• DATA UNDER STUDY:
===============

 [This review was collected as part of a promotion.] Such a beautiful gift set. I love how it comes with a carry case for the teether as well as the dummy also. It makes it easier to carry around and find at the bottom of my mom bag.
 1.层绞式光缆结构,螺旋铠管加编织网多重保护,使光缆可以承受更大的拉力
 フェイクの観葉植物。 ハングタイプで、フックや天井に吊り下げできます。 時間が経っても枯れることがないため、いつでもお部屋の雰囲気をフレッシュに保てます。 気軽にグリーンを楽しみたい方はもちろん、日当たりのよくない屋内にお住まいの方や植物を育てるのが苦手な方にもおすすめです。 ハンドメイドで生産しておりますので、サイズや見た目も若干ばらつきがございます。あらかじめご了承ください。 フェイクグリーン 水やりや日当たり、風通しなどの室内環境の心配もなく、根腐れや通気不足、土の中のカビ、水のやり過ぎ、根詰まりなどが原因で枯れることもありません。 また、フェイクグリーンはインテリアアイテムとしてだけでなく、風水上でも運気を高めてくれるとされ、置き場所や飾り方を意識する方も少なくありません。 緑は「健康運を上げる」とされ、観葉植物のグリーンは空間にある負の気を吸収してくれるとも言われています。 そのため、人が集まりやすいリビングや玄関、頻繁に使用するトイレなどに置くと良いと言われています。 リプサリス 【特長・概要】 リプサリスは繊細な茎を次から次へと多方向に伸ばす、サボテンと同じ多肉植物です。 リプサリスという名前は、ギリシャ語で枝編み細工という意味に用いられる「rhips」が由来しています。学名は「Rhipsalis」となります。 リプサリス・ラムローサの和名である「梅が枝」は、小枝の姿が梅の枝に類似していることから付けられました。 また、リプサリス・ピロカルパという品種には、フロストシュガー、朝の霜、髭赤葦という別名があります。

===============

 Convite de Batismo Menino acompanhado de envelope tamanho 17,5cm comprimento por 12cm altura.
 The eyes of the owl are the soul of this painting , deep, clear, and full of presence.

===============

• ASSIGNED TASK: What you return should be exactly the lines above, starting at the one with "Convite de Batismo" and ending at the one with "The eyes of", and nothing else.

• OUTPUT OF THE TASK:
 Convite de Batismo Menino acompanhado de envelope tamanho 17,5cm comprimento por 12cm altura.
 The eyes of the owl are the soul of this painting , deep, clear, and full of presence.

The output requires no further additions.